═══ Input data

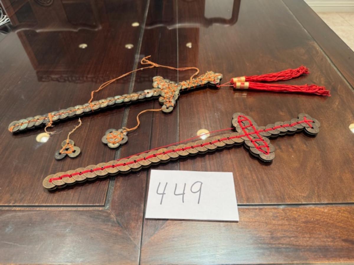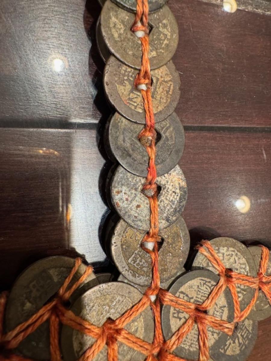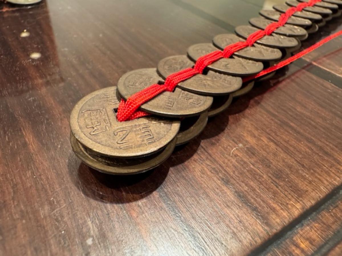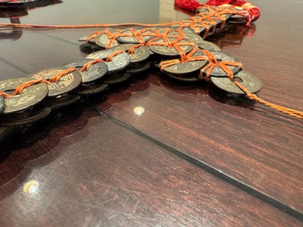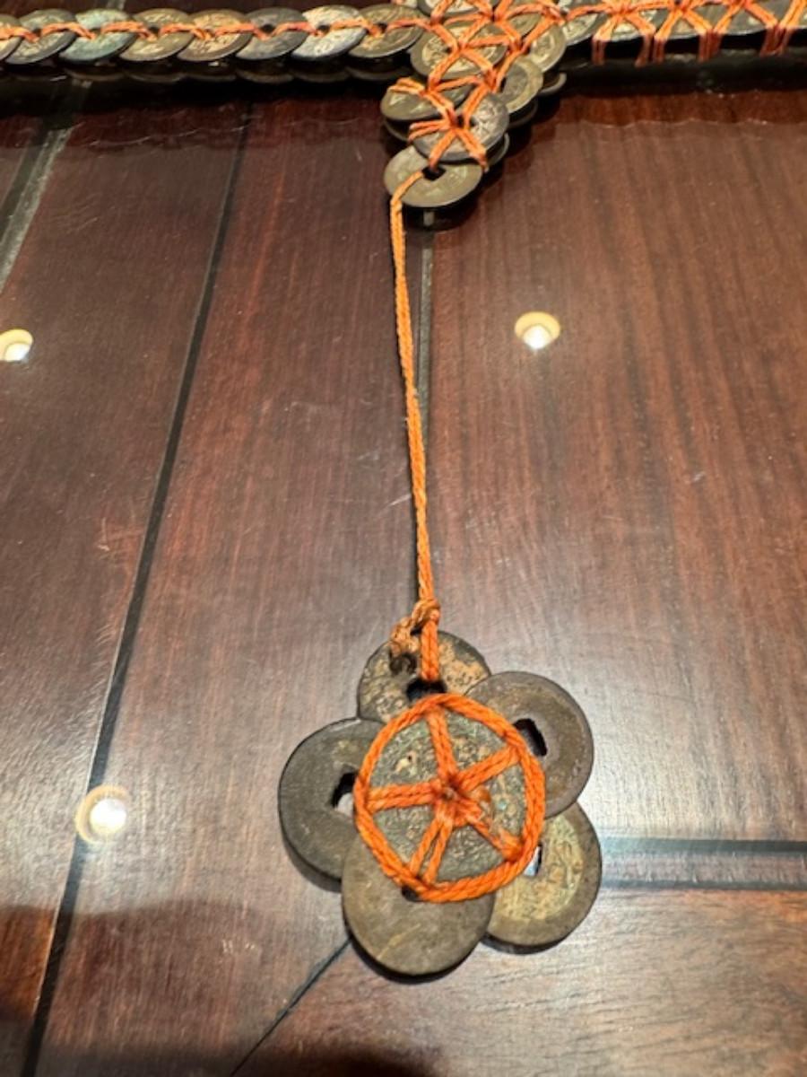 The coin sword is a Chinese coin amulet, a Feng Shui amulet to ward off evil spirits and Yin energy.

══════
═══ Input data

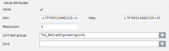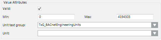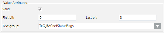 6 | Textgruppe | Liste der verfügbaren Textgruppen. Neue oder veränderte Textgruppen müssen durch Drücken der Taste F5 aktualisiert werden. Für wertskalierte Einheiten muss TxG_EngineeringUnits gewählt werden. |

══════
═══ Input data

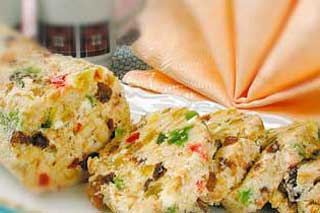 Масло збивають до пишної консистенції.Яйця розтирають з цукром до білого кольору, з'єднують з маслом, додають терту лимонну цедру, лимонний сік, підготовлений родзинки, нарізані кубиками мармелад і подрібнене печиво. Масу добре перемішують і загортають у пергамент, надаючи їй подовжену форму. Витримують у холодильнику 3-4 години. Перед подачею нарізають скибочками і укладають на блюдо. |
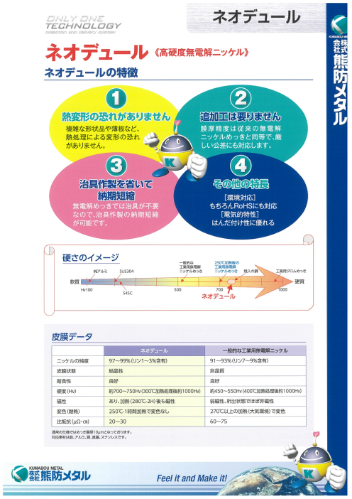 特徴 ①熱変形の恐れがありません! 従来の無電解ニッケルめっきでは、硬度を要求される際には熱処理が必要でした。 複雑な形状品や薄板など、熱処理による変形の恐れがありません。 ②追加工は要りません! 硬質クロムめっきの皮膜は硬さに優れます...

══════

▸ **Task requirements**
Leaving all pictures out, output exactly the lines of the material above from the line with "Масло збивають до" to the line with "特徴 ①熱変形の恐れがありません! 従来の無電解ニッケルめっきでは、硬度を要求される際には熱処理が必要でした。", both included.

▸ **Result of this task**
 Масло збивають до пишної консистенції.Яйця розтирають з цукром до білого кольору, з'єднують з маслом, додають терту лимонну цедру, лимонний сік, підготовлений родзинки, нарізані кубиками мармелад і подрібнене печиво. Масу добре перемішують і загортають у пергамент, надаючи їй подовжену форму. Витримують у холодильнику 3-4 години. Перед подачею нарізають скибочками і укладають на блюдо. |
 特徴 ①熱変形の恐れがありません! 従来の無電解ニッケルめっきでは、硬度を要求される際には熱処理が必要でした。 複雑な形状品や薄板など、熱処理による変形の恐れがありません。 ②追加工は要りません! 硬質クロムめっきの皮膜は硬さに優れます...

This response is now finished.